Run bundle analysis in CI for main chunks and major async chunks. Alert on large dependency movement into critical paths. Review source maps to identify accidental imports, such as pulling a full icon library or all locales.
Use coverage tools to identify code executed during startup. A large unused percentage in the main bundle is a strong candidate for splitting, but verify that moving it does not add a waterfall to the first interaction. Record a trace for both cold load and warm navigation.
Useful metrics include:
- Initial JavaScript bytes per route.
- Main-thread startup time before first interaction.
- Number of async chunks requested before the route becomes useful.
- Lazy chunk failure rate.
- Cache hit rate for shared chunks after deploy.
- Top dependencies by parsed size, not only compressed size.
When reviewing a proposed split, ask for the before/after waterfall. The ideal shape is fewer critical bytes with at most one purposeful async load at a clear boundary. A bad shape is a staircase of chunks discovered during render.
Checklist
- Split by route first, then by heavy feature.

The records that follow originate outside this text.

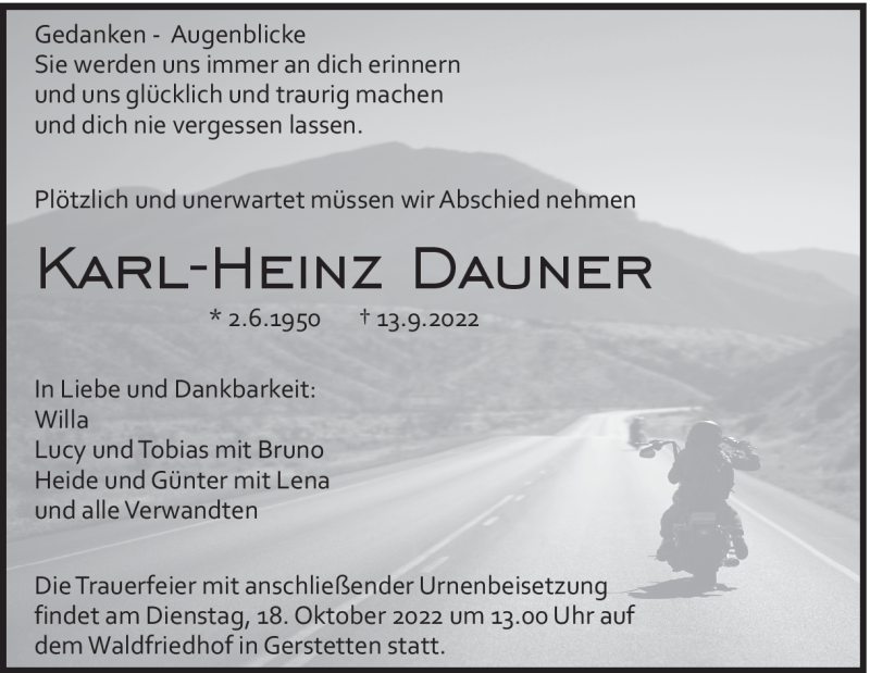 Hier finden Sie alle Traueranzeigen aus der Zeitung, die bisher für Karl-Heinz Dauner erschienen sind. Weitere Traueranzeigen, die in der Zeitung erscheinen, werden hier ebenfalls aufgelistet
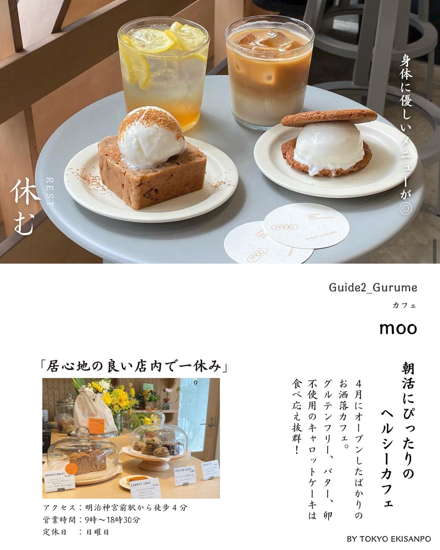 原宿の開放的で広々とした空間が魅力のカフェ moo。コンクリートと木の温かみが調和し、大窓から自然光が差し込む明るい内装です。約50席で混雑を感じにくく、キャロットケーキや自家製レモネードなど素材を活かしたスイーツとドリンクが楽しめます。原宿駅から徒歩圏・キャッシュレス対応・9:00-18:30営業。
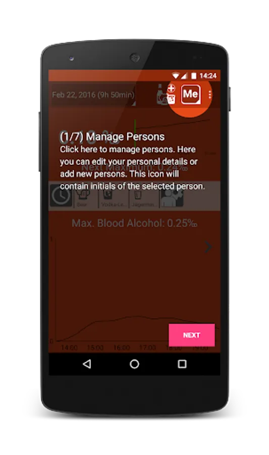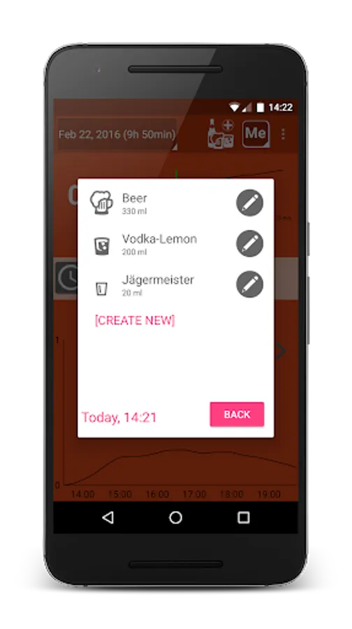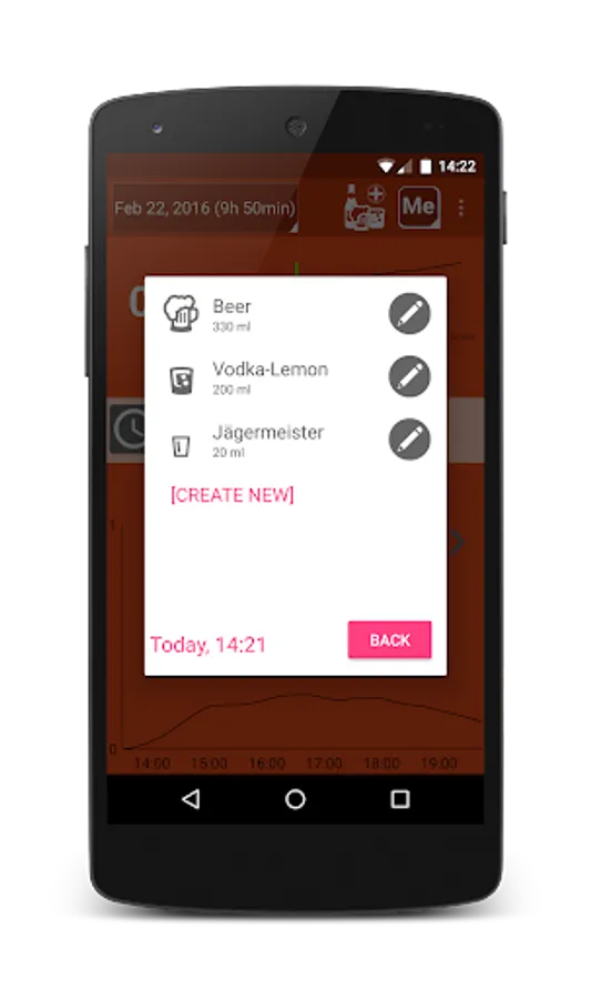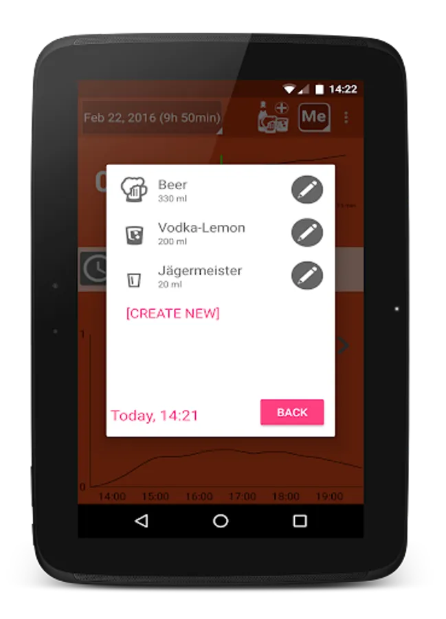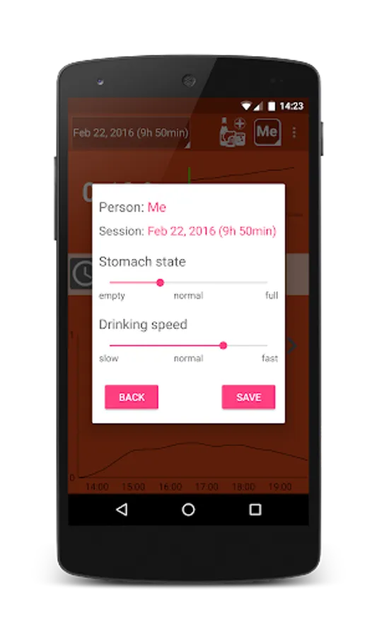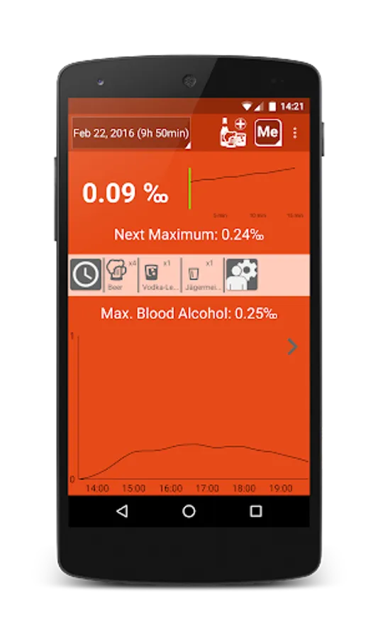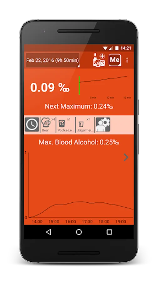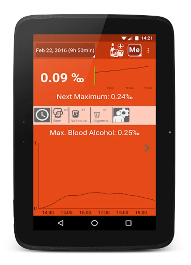 This app (ALC) helps you to get an idea about how alcohol consumption (drinking) is influencing your body and especially your blood composition. Simply track your drinks on any occasion (e.g. Party) and watch your blood alcohol level increasing, but keep within reasonable limits! Alcohol Level Coach tries to imitate the whole process of alcohol absorption and takes several factors into account: Personal details (e.g. weight, height, age and gender), drinking speed, state of stomach, delay of absorption and custom drink mixtures. Altogether the resulting alcohol level provided by ALC should be a reasonable, but still theoretical estimate of your actual alcohol level.
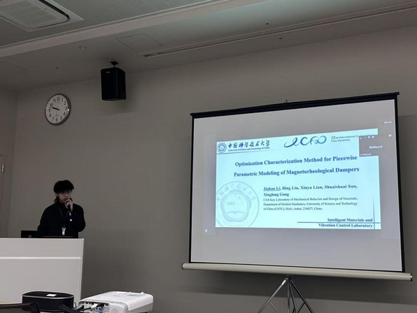 李嘉豪作了题为“Optimization characterization method for piecewise parametric modeling of magnetorheological dampers”的口头报告。
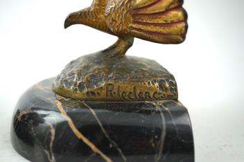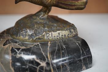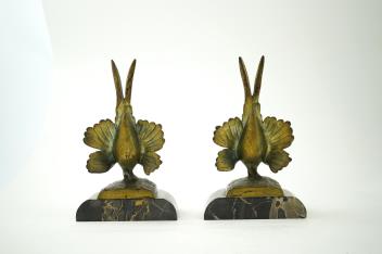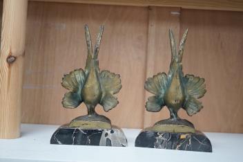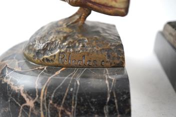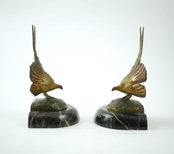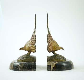 Lot 1296 , A pair of bronze peacock bookends, with remains of coloured pigments, marble plinths, signed R. Leclerc, 20cm
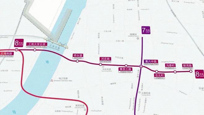 沿钱江路向东北行驶556米右转
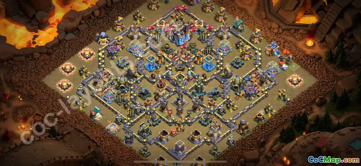 This top-tier TH18 war base layout is designed specifically to thwart opponents aiming for three-star victories in Clash of Clans CWL wars. It features strategic placement of defensive structures, heroes, and traps to maximize survival and disrupt enemy attack patterns, making it difficult for attackers to achieve three stars.

- Keep critical-path JavaScript intentionally small.
- Group modules used in the same interaction.
- Prefetch based on strong user intent.
- Retain consistent loading UX.
- Watch bundle movement in CI.
- Validate with route-level field metrics.
- Keep old hashed chunks available across deploys.
- Measure parse and execution, not just transfer size.
- Avoid lazy boundaries that create nested startup waterfalls.